ECLI:NL:HR:2004:AO5819
Hoge Raad
- Cassatie
- W.J.M. Davids
- G.J.M. Corstens
- J.P. Balkema
- A.J.A. van Dorst
- J.W. Ilsink
- Rechtspraak.nl
Bevoegdheid tot inbeslagneming en proportioneel geweld bij fouilleren
In deze zaak heeft de Hoge Raad op 7 september 2004 uitspraak gedaan in een cassatieprocedure tegen een arrest van het Gerechtshof te 's-Gravenhage. De verdachte, geboren in Suriname in 1972, was eerder veroordeeld voor opzettelijk handelen in strijd met de Opiumwet. Het Hof had de verdachte veroordeeld tot vijf weken gevangenisstraf, waarbij het vonnis van de Politierechter in de Rechtbank te Rotterdam werd vernietigd. De verdachte stelde in cassatie dat het bewijs onrechtmatig was verkregen, omdat er ten tijde van het fouilleren geen redelijk vermoeden van schuld aan enig strafbaar feit bestond. De raadsman voerde aan dat de verbalisanten onterecht gebruik hadden gemaakt van hun bevoegdheden op grond van het Wetboek van Strafvordering.

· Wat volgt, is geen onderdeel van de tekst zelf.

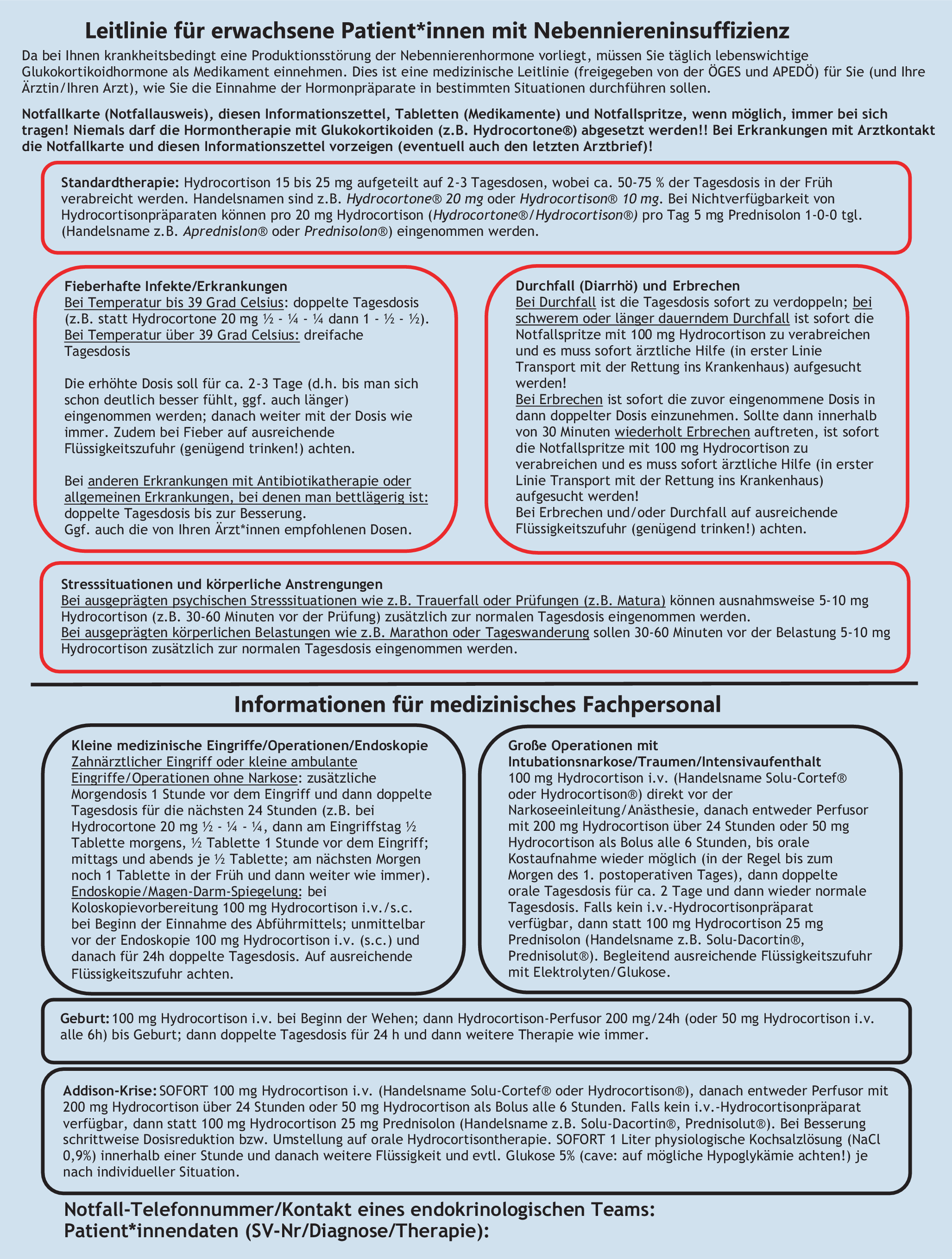 Informationszettel (Behandlungsleitlinie) zur Therapie der Nebennierenkrise sowie Dosisanpassungen/Verhalten bei Stresssituationen/Operationen/medizinischen Eingriffen, welcher dem Gesundheitspersonal gezeigt werden soll

De Hoge Raad oordeelde dat de bevoegdheid tot inbeslagneming ook de mogelijkheid omvat om, indien nodig, met proportioneel geweld de vuist van de verdachte te openen. Dit werd niet aangemerkt als een onderzoek aan het lichaam of in het lichaam. De Hoge Raad concludeerde dat er sprake was van ernstige bezwaren tegen de verdachte, waardoor het optreden van de verbalisanten rechtmatig was. Het verweer van de verdachte werd verworpen, en de Hoge Raad oordeelde dat het middel niet tot cassatie kon leiden. De uitspraak van het Hof werd bevestigd, en het beroep werd verworpen.
De uitspraak benadrukt de grenzen van de bevoegdheden van de politie bij het fouilleren en de inbeslagneming van voorwerpen, en bevestigt dat proportioneel geweld kan worden toegepast in het kader van de strafvordering, mits dit binnen de wettelijke kaders blijft.